Preprint Article Version 1 Preserved in Portico This version is not peer-reviewed

Potent Antiviral Activity Against HSV-1 and SARS-CoV-2 by Antimicrobial Peptoids

Version 1 : Received: 8 March 2021 / Approved: 9 March 2021 / Online: 9 March 2021 (10:25:03 CET)

A peer-reviewed article of this Preprint also exists.

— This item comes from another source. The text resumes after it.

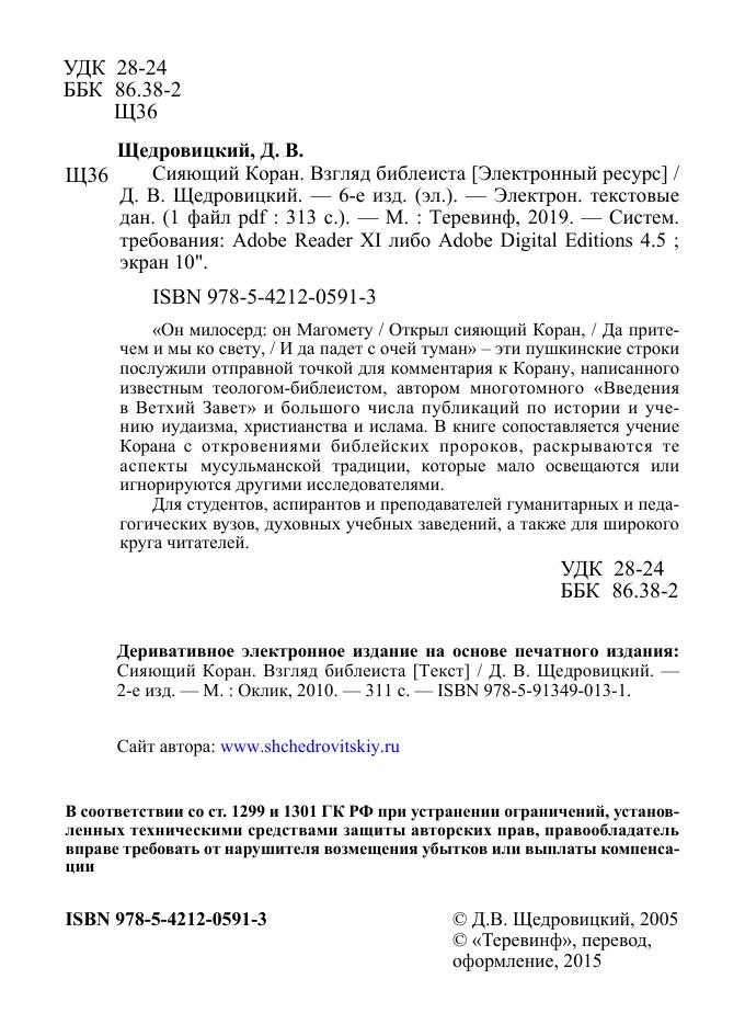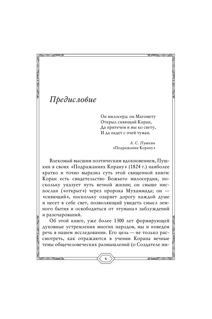 «Он милосерд: он Магомету / Открыл сияющий Коран, / Да притечем и мы ко свету, / И да падет с очей туман» — эти пушкинские строки послужили отправной точкой для комментария к Корану, написанного известным теологом библеистом, автором многотомного «Введения в Ветхий Завет» и большого числа публикаций по истории и учению иудаизма, христианства и ислама. В книге сопоставляется учение Корана с откровениями библейских пророков, раскрываются те аспекты мусульманской традиции, которые мало освещаются или игнорируются другими исследователями.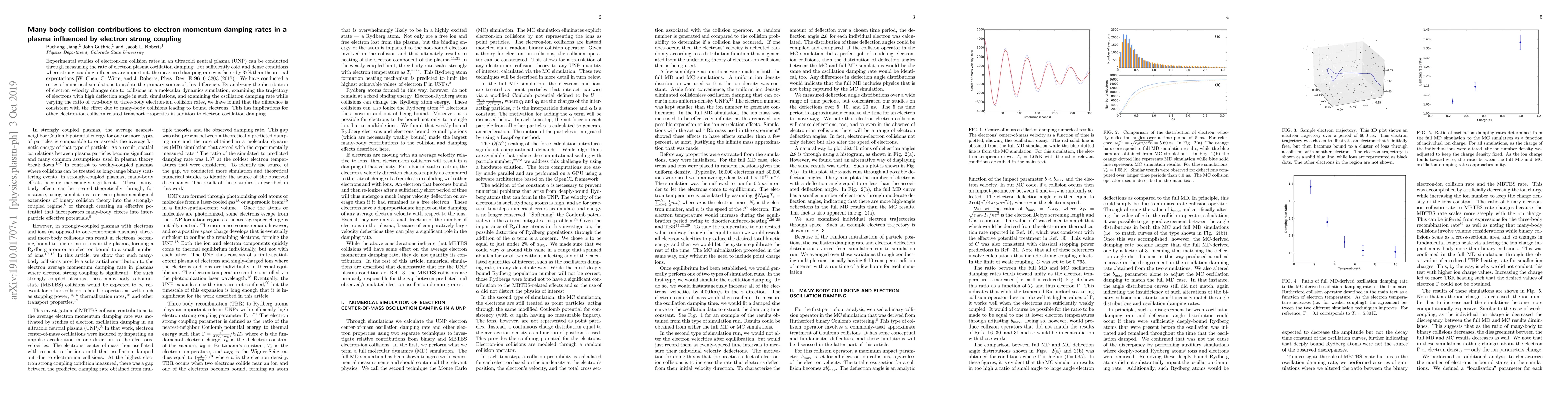 Experimental studies of electron-ion collision rates in an ultracold neutral plasma (UNP) can be conducted through measuring the rate of electron plasma oscillation damping. For sufficiently cold and dense conditions where strong coupling influences are important, the measured damping rate was faster by 37\% than theoretical expectations [W. Chen, C. Witte, and J. Roberts, Phys. Rev. E \textbf{96}, 013203 (2017)]. We have conducted a series of numerical simulations to isolate the primary source of this difference. By analyzing the distribution of electron velocity changes due to collisions in a molecular dynamics simulation, examining the trajectory of electrons with high deflection angle in such simulations, and examining the oscillation damping rate while varying the ratio of two-body to three-body electron-ion collision rates, we have found that the difference is consistent with the effect due to many-body collisions leading to bound electrons. This has implications for other electron-ion collision related transport properties in addition to electron oscillation damping.

Diamond, G.; Molchanova, N.; Herlan, C.; Fortkort, J.A.; Lin, J.S.; Figgins, E.; Bopp, N.; Ryan, L.K.; Chung, D.; Adcock, R.S.; Sherman, M.; Barron, A.E. Potent Antiviral Activity against HSV-1 and SARS-CoV-2 by Antimicrobial Peptoids. Pharmaceuticals 2021, 14, 304. Diamond, G.; Molchanova, N.; Herlan, C.; Fortkort, J.A.; Lin, J.S.; Figgins, E.; Bopp, N.; Ryan, L.K.; Chung, D.; Adcock, R.S.; Sherman, M.; Barron, A.E. Potent Antiviral Activity against HSV-1 and SARS-CoV-2 by Antimicrobial Peptoids. Pharmaceuticals 2021, 14, 304.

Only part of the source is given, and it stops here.